For this exercise, return all the data exactly as it stands.

Records contained in a dataset
-.-.-
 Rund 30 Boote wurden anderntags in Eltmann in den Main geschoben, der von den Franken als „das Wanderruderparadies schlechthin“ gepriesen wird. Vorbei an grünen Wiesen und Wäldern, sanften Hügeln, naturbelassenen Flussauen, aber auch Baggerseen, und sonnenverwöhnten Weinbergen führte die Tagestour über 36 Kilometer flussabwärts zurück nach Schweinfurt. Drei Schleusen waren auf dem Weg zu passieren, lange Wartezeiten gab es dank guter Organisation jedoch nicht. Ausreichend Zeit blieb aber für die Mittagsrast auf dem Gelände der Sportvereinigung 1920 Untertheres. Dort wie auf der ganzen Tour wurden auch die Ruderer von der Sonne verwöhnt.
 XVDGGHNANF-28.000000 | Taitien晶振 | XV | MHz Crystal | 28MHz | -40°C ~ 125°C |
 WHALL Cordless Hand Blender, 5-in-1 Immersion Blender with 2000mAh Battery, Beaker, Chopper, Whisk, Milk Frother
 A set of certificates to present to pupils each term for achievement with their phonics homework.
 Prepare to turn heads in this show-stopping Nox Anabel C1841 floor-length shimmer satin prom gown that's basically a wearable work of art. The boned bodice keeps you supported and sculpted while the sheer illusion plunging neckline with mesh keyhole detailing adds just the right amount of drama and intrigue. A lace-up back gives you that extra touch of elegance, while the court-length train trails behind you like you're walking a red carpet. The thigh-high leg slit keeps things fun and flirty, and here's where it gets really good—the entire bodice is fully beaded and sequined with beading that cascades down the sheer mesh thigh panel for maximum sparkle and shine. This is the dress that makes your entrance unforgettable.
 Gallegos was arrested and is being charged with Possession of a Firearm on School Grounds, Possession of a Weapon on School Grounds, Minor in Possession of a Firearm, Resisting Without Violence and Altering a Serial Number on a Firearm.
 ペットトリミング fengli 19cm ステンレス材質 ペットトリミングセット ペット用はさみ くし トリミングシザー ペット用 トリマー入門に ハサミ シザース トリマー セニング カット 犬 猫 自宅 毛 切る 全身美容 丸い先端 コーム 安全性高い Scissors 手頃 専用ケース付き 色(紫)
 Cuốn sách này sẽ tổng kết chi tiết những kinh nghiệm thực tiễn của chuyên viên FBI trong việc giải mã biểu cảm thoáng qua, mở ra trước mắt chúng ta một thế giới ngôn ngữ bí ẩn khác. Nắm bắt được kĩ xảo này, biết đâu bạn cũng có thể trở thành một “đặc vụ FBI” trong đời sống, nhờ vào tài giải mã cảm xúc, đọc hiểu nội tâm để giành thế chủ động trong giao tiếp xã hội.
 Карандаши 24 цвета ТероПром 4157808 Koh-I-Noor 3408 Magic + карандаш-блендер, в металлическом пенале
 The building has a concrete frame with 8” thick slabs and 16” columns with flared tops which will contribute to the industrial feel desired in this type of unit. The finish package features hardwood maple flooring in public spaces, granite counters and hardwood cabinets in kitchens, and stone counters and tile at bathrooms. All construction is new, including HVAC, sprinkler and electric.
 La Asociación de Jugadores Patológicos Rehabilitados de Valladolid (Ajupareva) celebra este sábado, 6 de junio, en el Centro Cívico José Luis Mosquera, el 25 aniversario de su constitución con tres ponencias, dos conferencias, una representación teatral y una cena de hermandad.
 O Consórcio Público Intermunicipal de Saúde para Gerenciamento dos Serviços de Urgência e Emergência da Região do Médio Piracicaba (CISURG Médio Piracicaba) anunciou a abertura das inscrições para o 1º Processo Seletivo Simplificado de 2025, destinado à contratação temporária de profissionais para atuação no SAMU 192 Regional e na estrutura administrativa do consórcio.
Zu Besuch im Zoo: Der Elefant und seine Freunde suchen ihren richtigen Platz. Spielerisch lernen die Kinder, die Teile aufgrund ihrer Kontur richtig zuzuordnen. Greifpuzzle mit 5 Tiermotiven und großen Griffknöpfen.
-.-.-
Written response
 Rund 30 Boote wurden anderntags in Eltmann in den Main geschoben, der von den Franken als „das Wanderruderparadies schlechthin“ gepriesen wird. Vorbei an grünen Wiesen und Wäldern, sanften Hügeln, naturbelassenen Flussauen, aber auch Baggerseen, und sonnenverwöhnten Weinbergen führte die Tagestour über 36 Kilometer flussabwärts zurück nach Schweinfurt. Drei Schleusen waren auf dem Weg zu passieren, lange Wartezeiten gab es dank guter Organisation jedoch nicht. Ausreichend Zeit blieb aber für die Mittagsrast auf dem Gelände der Sportvereinigung 1920 Untertheres. Dort wie auf der ganzen Tour wurden auch die Ruderer von der Sonne verwöhnt.
 XVDGGHNANF-28.000000 | Taitien晶振 | XV | MHz Crystal | 28MHz | -40°C ~ 125°C |
 WHALL Cordless Hand Blender, 5-in-1 Immersion Blender with 2000mAh Battery, Beaker, Chopper, Whisk, Milk Frother
 A set of certificates to present to pupils each term for achievement with their phonics homework.
 Prepare to turn heads in this show-stopping Nox Anabel C1841 floor-length shimmer satin prom gown that's basically a wearable work of art. The boned bodice keeps you supported and sculpted while the sheer illusion plunging neckline with mesh keyhole detailing adds just the right amount of drama and intrigue. A lace-up back gives you that extra touch of elegance, while the court-length train trails behind you like you're walking a red carpet. The thigh-high leg slit keeps things fun and flirty, and here's where it gets really good—the entire bodice is fully beaded and sequined with beading that cascades down the sheer mesh thigh panel for maximum sparkle and shine. This is the dress that makes your entrance unforgettable.
 Gallegos was arrested and is being charged with Possession of a Firearm on School Grounds, Possession of a Weapon on School Grounds, Minor in Possession of a Firearm, Resisting Without Violence and Altering a Serial Number on a Firearm.
 ペットトリミング fengli 19cm ステンレス材質 ペットトリミングセット ペット用はさみ くし トリミングシザー ペット用 トリマー入門に ハサミ シザース トリマー セニング カット 犬 猫 自宅 毛 切る 全身美容 丸い先端 コーム 安全性高い Scissors 手頃 専用ケース付き 色(紫)
 Cuốn sách này sẽ tổng kết chi tiết những kinh nghiệm thực tiễn của chuyên viên FBI trong việc giải mã biểu cảm thoáng qua, mở ra trước mắt chúng ta một thế giới ngôn ngữ bí ẩn khác. Nắm bắt được kĩ xảo này, biết đâu bạn cũng có thể trở thành một “đặc vụ FBI” trong đời sống, nhờ vào tài giải mã cảm xúc, đọc hiểu nội tâm để giành thế chủ động trong giao tiếp xã hội.
 Карандаши 24 цвета ТероПром 4157808 Koh-I-Noor 3408 Magic + карандаш-блендер, в металлическом пенале
 The building has a concrete frame with 8” thick slabs and 16” columns with flared tops which will contribute to the industrial feel desired in this type of unit. The finish package features hardwood maple flooring in public spaces, granite counters and hardwood cabinets in kitchens, and stone counters and tile at bathrooms. All construction is new, including HVAC, sprinkler and electric.
 La Asociación de Jugadores Patológicos Rehabilitados de Valladolid (Ajupareva) celebra este sábado, 6 de junio, en el Centro Cívico José Luis Mosquera, el 25 aniversario de su constitución con tres ponencias, dos conferencias, una representación teatral y una cena de hermandad.
 O Consórcio Público Intermunicipal de Saúde para Gerenciamento dos Serviços de Urgência e Emergência da Região do Médio Piracicaba (CISURG Médio Piracicaba) anunciou a abertura das inscrições para o 1º Processo Seletivo Simplificado de 2025, destinado à contratação temporária de profissionais para atuação no SAMU 192 Regional e na estrutura administrativa do consórcio.
Zu Besuch im Zoo: Der Elefant und seine Freunde suchen ihren richtigen Platz. Spielerisch lernen die Kinder, die Teile aufgrund ihrer Kontur richtig zuzuordnen. Greifpuzzle mit 5 Tiermotiven und großen Griffknöpfen.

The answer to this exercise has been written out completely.